太地は古式捕鯨発祥の地とされる地域で、当地の豪族、和田家一族の忠兵衛頼元が尾張師崎(知多半島の突端)の漁師・伝次と泉州堺の浪人伊右衛門とともに捕鯨技術の研究を進め、慶長11年(1606年)太地浦を基地として、大々的に突捕り法による捕鯨が始められたと伝えられている。

その後、延宝3年(1675年)に、和田頼治(のちの太地角右エ門)が網取り法を考案したことによって、太地の捕鯨が大きく発展し、現在にも伝えられている。

明治11年に捕鯨中の事故により百名以上の死者を出し、一度は太地の捕鯨そのものが崩壊をしてしまったが、その時から25年が経過し、日露戦争終わったころに、近代的な大資本による捕鯨基地ができあがり、多くの船で賑わいを取り戻し、鯨体の処理場や鯨を缶詰にする工場も新しくでき、太地は再び捕鯨産業が盛んになっていった。

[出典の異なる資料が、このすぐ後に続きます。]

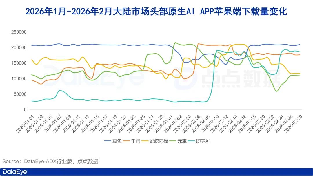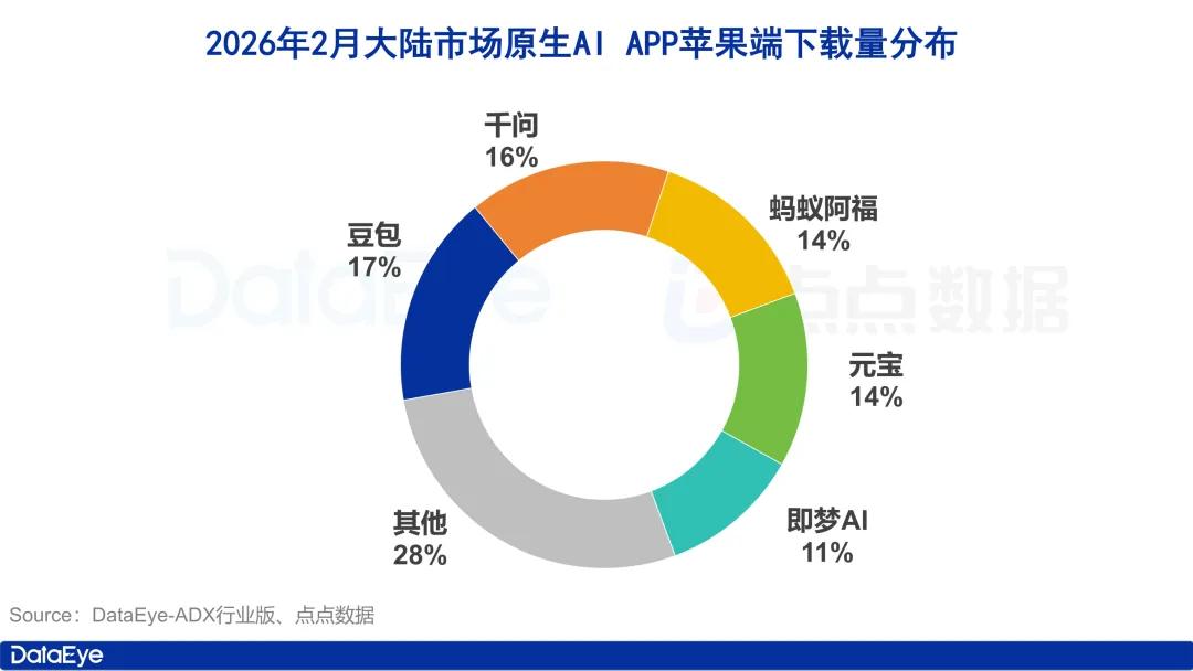 点点数据显示,2026年2月大陆市场苹果端原生AI APP下载量榜单由豆包蝉联榜首,下载量515万次,环比1月下滑20.04%,千问、蚂蚁阿福、元宝、即梦AI紧随其后,下载量均超300万次,其中即梦AI下载量环比大涨228.43%,跻身榜单TOP 5。

しかし、 1988年3月に国際捕鯨委員会(IWC)が捕鯨全面禁止を決めたことにより、日本は沿岸捕鯨の
中止を余儀なくされており、南極周辺による調査捕鯨のみが行われていた。 

今回、日本の国際捕鯨委員会(IWC)の脱退により、太地町でも沿岸捕鯨が再開されるであろう。

捕鯨そのものは日本の文化であり、食文化でもあるため、日本人としての反対論は少数であると思われる。

もちろん、私自身も異論は唱えるつもりはない。

しかし、食文化におけるクジラの需要はどうなんだろうか?

現在の日本で、牛、豚、鶏に近い需要があるのだろうかと考えると、頭を傾げる部分もないわけではない。

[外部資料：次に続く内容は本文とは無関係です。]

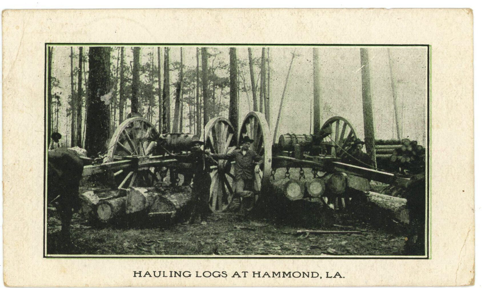 black and white snapshot of logging scene near Hammond; two horse drawn loggers hauling logs; sent to Mr. William Dovette on Oct 1 1906Collection

戦後の日本で、牛、豚、鶏が高価であったため、食糧事情が悪い時期にはかなりの需要が見込まれた食材ではあった。

学校給食の竜田揚げと言えば、鯨肉だったことを思いだす。

捕鯨を伝統としている国は、ロシア、日本、ノルウェー、アイスランド、フェロー諸島(デンマーク自治領)、カナダなど、、

カナダと日本はすでに脱退をしているが、国際捕鯨委員会(加盟国88カ国)の内、捕鯨支持国は39カ国、反捕鯨国は49カ国である。

反捕鯨国は、オーストラリア、フランス・スペインなどのEU加盟諸国、ラテンアメリカ諸国(反捕鯨の立場を鮮明にしているアルゼンチンやブラジル)、インドやニュージーランドも反対を表明している。

過激な反捕鯨活動で知られる団体に「シーシェパード環境保護団体」があるが、本部はアメリカのワシントンにある。

今後、彼らの動きからも目が離せない、和歌山県太地町である。